Wednesday, Jul 29, 2009 at 16:30
Appreciate your point about resources, and my knowledge of Australia-specific SAR techniques is not extensive in this area, so I stand ready to be corrected, however:
Your described heart-attack scenario smacks of sensationalist possibilities, ifs, buts and maybes. Today Tonight in short. Delivering such emotive possibilities muddies the discussion and doesn't reflect my knowledge of incident response.
Police have a civic duty of care to the public. In such situations they should be the default incident co-ordination. STAR was set up as a specialist unit by SA Police almost 30 years ago. Amongst its specific remits is SAR. If they're not rescuing someone, they're training for it. They are a 24/7 unit for many scenarios specifically including this one. They are not beat cops. If no-one gets lost, we (or specifically SA residents) still pay for them.
The SES also has a specific SAR remit. They are set up, maintained and supported for this specific purpose. CFS does not have this specifically in its remit, but does provide support and is often intrinsically linked in many locales.
I'm not sure what incident co-ordinator with the limited paramedic resources you describe would direct front-line ambulances to anywhere, specific or general, on a hunch. That's tabloid talk. SES would handle first-aid and possibly paramedic, with approriate resources directed as required on locating the subjects. Find the buggers, then direct the medical resource (or black van), ideally aerial and surplus to op reqs, otherwise they're chasing shadows. Maybe Oz protocol is different.
Farmers are a useful, but unreliable (due to their work, not their attitude!) resource and are usually ill-equipped to deal with anything more than a bogged truck. If someone is lost, any scenario is possible.

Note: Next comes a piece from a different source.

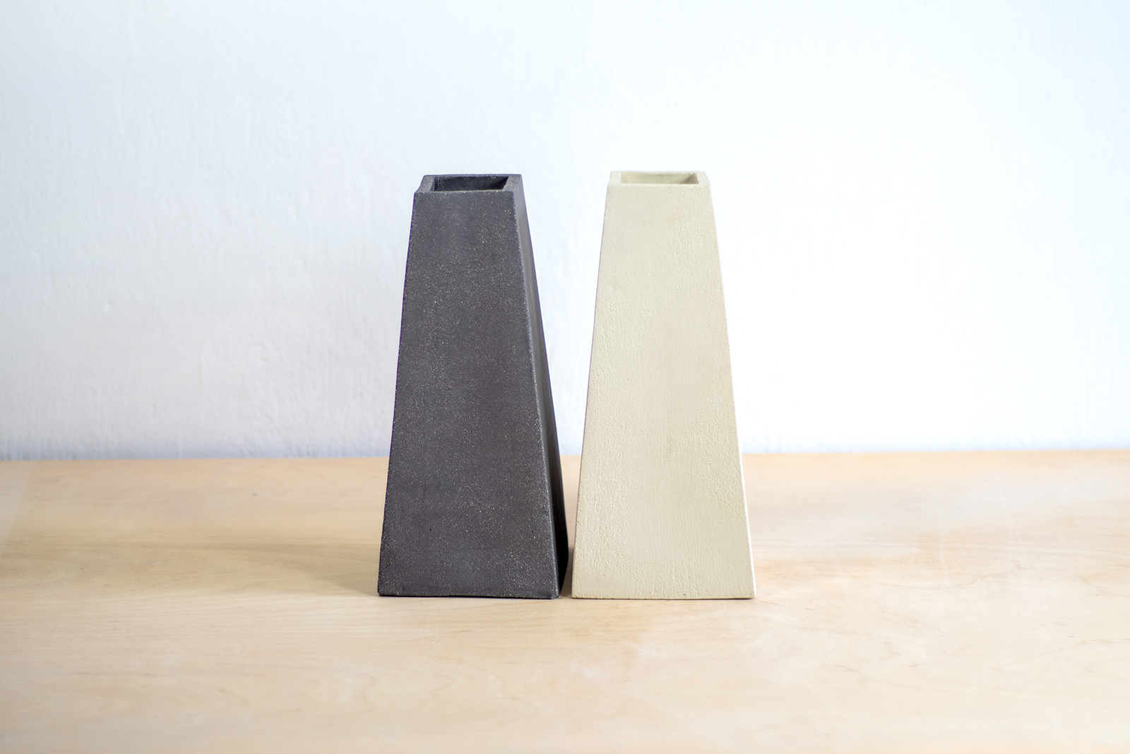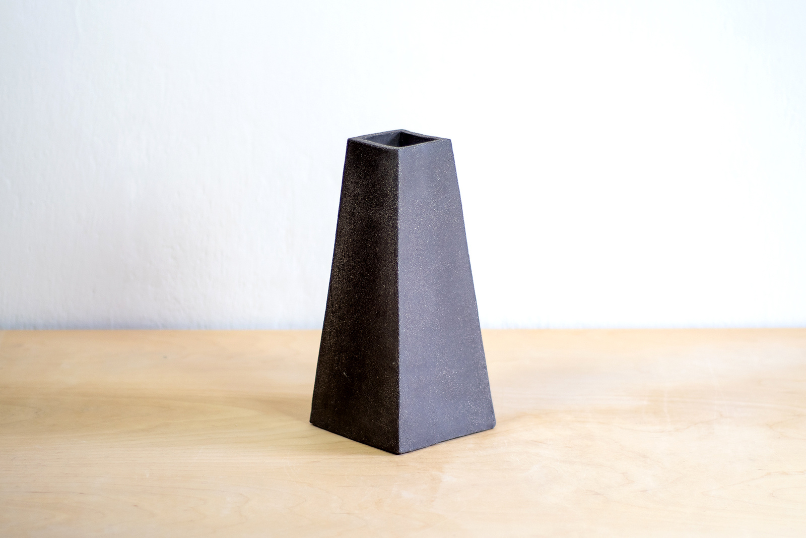 - Elegancki wazon w kształcie trapezu. Wykonany z ciemnej, brązowej gliny. Na zewnątrz, jeden bok proszkliwiony cienką warstwą transparentnego szkliwa.

Now to this example - these blokes are in the middle of a *270,000 ha*
park. Now I don't know it specifically, but even if they did tell someone that was their destination, then it's a bloody big area to sweep.
So you're in the middle of a 270,000 ha
park and you've got a UHF with its very limited range. Maybe there will be someone, maybe there won't. Likely not.
Hell even if I pinged my SPOT for full emergency, I wouldn't expect assistance for at best 3 hours in such a location, even by air. Even then, they don't know if I'm simply bogged (in which case myself I'd use the less urgent help feature) or injured. An "army" is coming, like it or not. I kid you not - mainly because it's a live job not an exercise and they all want to play and find you!
So to insurance.
Well, one can argue for insurance, but it tends to actually cause more problems than it solves. It costs to administer and drives utility prices up as
well as a two-tier expectation. As I mentioned before, the costs and criteria attributed to a rescuee is very, very subjective and I note you've avoided that critical point. I think it would be unworkable or cost more to implement than it saves. Actually - that makes it a perfect Govt initiative!
So back to my points:
I don't consider it practical, for "punters" to specifically insure against this, over and above that offered by their normal motor insurance, for normal gazetted roads. Can you put a price on a recovery - and which do and don't pay?
I think that the use / hire / free provision and need for effective emergency comms - EPIRB, SPOT, Satphone should be more widely informed - educate.
If the great unwashed are put off by from enjoying our country by the inevitability of some getting stuck and having to remortgage their house to pay, then I feel we've lost the spirit of Exploroz and leaving home at all.
Bonus thought - considering Exploroz's enormous influence on local and international 4WDers, perhaps a specific "Basics" section could / should be highlighted on the home page, so we are doing our bit for this cause. I hope this isn't buried too deep to be noted!